A team of researchers was recently able to restore hearing in mice that had been born deaf. Now, the team has further improved the gene therapy technique. Deaf mice treated with this new method gained nearly perfect hearing. The details are in two papers that were simultaneously published in the journal Nature Biotechnology.
To investigate possible forms of gene therapy for treating genetically-based deafness, scientists from the Harvard Medical School collaborated with the Boston Children’s Hospital. The research team first needed a vector, something that could transfer genes into outer ear hair cells without causing damage. The team focused on adeno-associated viruses, non-pathogenic viruses that are often used to deliver medicine or insert genes. After repeated experiments, the researchers identified a virus called Anc80L65. Anc80L65 has already been used in other forms of research and is known for being able to infect organs without causing more than a mild immune response. The team attempted to use Anc80L65 as a carrier for transferring corrected versions of faulty genes to genetically deaf mice. The mice were suffering from Usher syndrome, a genetic disorder with no cure that causes deafness at birth. The disorder also affects humans, causing both deafness and loss of vision. The mice treated with Anc80L65 gene therapy recovered some of their hearing, a first in gene therapy research.
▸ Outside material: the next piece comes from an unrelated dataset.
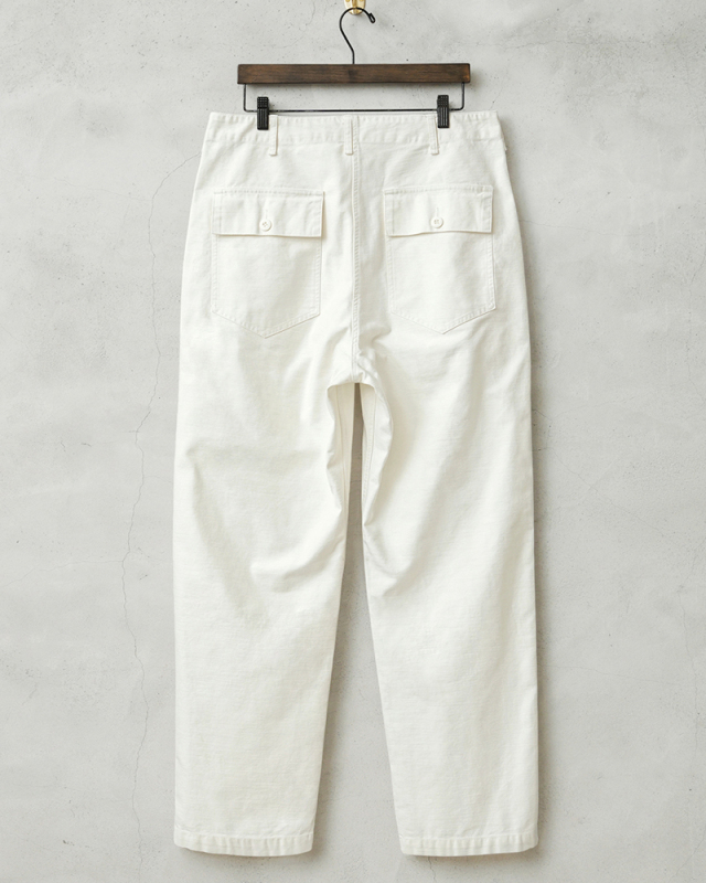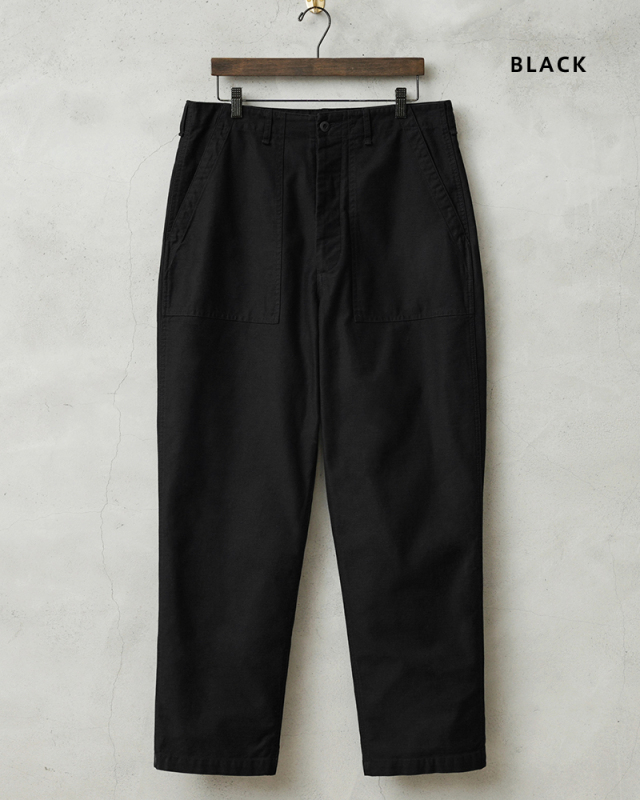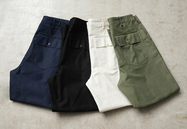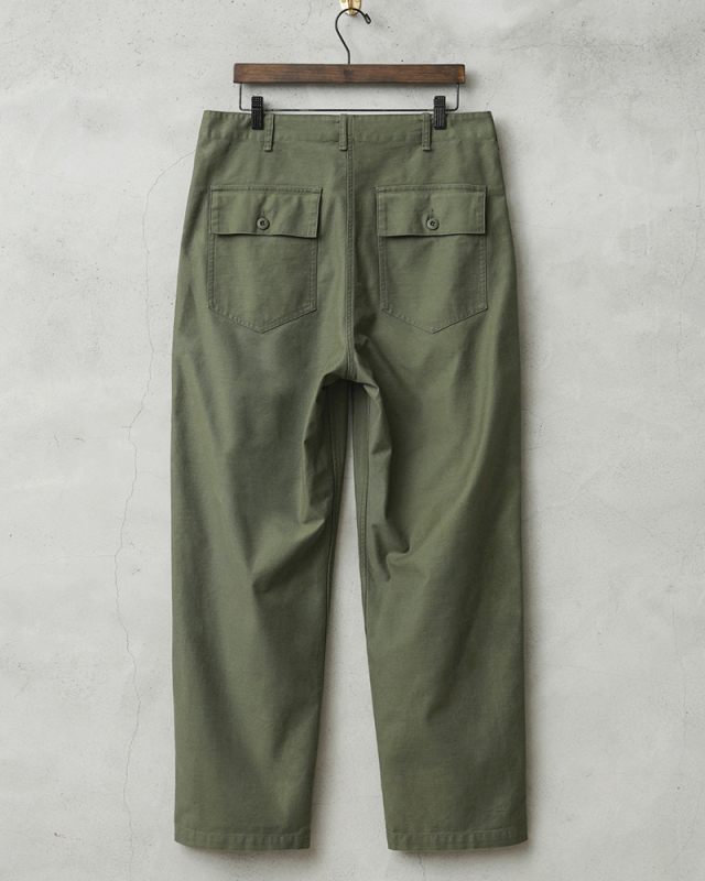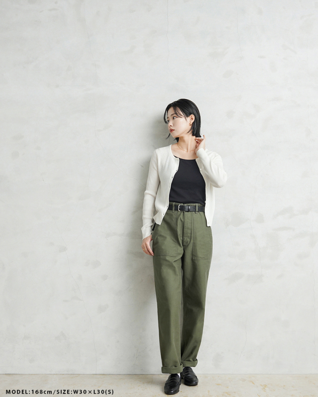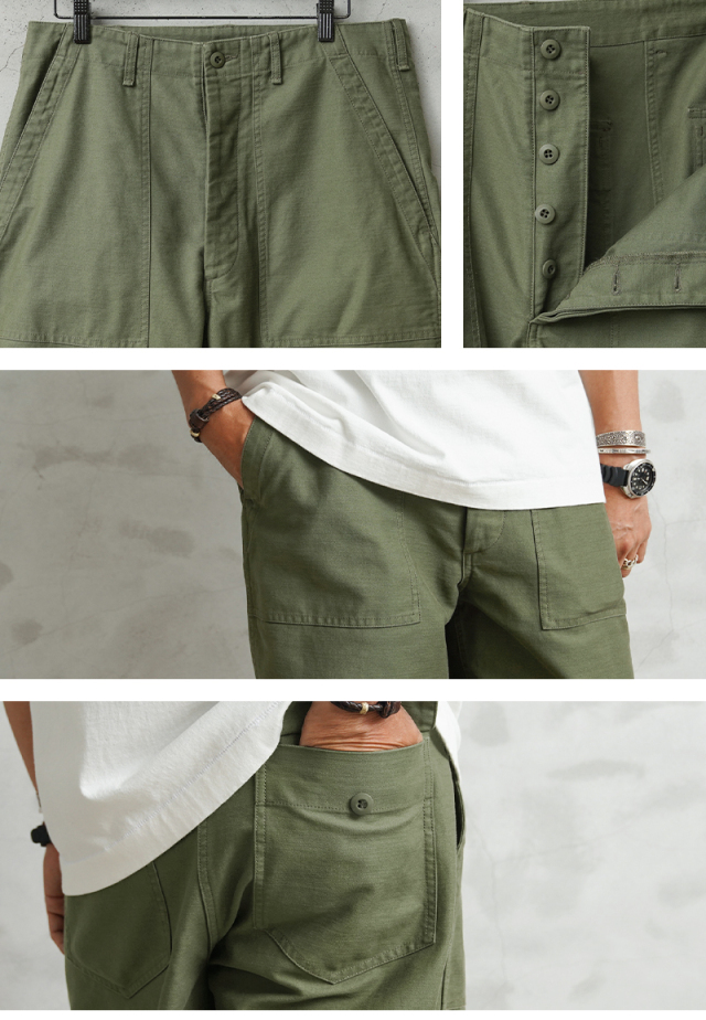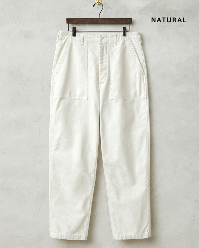 | 商品説明 | 米軍 OG-107 ユーティリティパンツ WAIPER.incのご紹介です。 品名:TROUSERS,MAN’S COTTON SATEEN OG-107,TYPE 1 品番:WP1028 米軍の名作パンツであるOG-107ユーティリティパンツ。ベイカーパンツやファティーグパンツという通称でもおなじみです。 コットンサテンを使用したシンプルなボトムスは、ユーティリティという名前の通り万能パンツとしてカジュアルなパンツの代表格として広く親しまれています。 今回、WAIPER.incで製作したものは最も広く認知されている60年代後期の物。 UFOボタンやポケットのWステッチなど特徴も再現しつつ、パッカリングも期待できる脇のダブルステッチやムラ糸のコットンサテンは履きこむほど風合いが増す素材となっています。 若干、テーパードしたシルエットはジャストサイズからオーバーサイズまで好みでお選びいただけます。カラーは定番のOLIVEに、NAVY、BLACK、NATURALを加えた4色展開となっていますので、必ずお気に入りの色サイズが見つかるはず。 なにかと使える万能ボトムスとしてワードローブに加えていただきたいおすすめの一品です。 |

The research team then improved on their previous work, again focusing on Usher syndrome as a model for studying genetically-based forms of deafness. The disorder is caused by a mutation in the Ush1c gene that produces non-functional harmonin, a protein that plays a large role in hearing. The presence of nonfunctional forms of harmonin eventually leads to disorganized brain signaling and hearing loss. The team used the Anc80L65 vector to deliver a corrected version of the Ush1c gene into the ears of newborn mice. The cochlea, found in the inner ear, began to produce healthy versions of harmonin and the treatment worked even better than expected—all of the mice recovered their hearing to some degree. In fact, many of the mice now had hearing on par with healthy mice and could hear low whispers.
The team’s findings are exciting and show that gene therapy may be able to cure certain types of deafness. Specifically, the team was able to “cure” Usher syndrome in mice. The disorder causes other symptoms in addition to deafness, such as balance problems, and these issues were eliminated in the treated subjects. One limitation of the study was that the treatment only worked when the mice were still babies; there was no way to restore hearing in adult mice. It’s also unknown if this treatment would work on non-rodent animals. The researchers intend to continue their study to better understand the processes involved in correcting genetic disorders such as Usher syndrome.
Landegger et al. A synthetic AAV vector enables safe and efficient gene transfer to the mammalian inner ear. Nature Biotechnology (2017).
Pan et al. Gene therapy restores auditory and vestibular function in a mouse model of Usher syndrome type 1c. Nature Biotechnology (2017).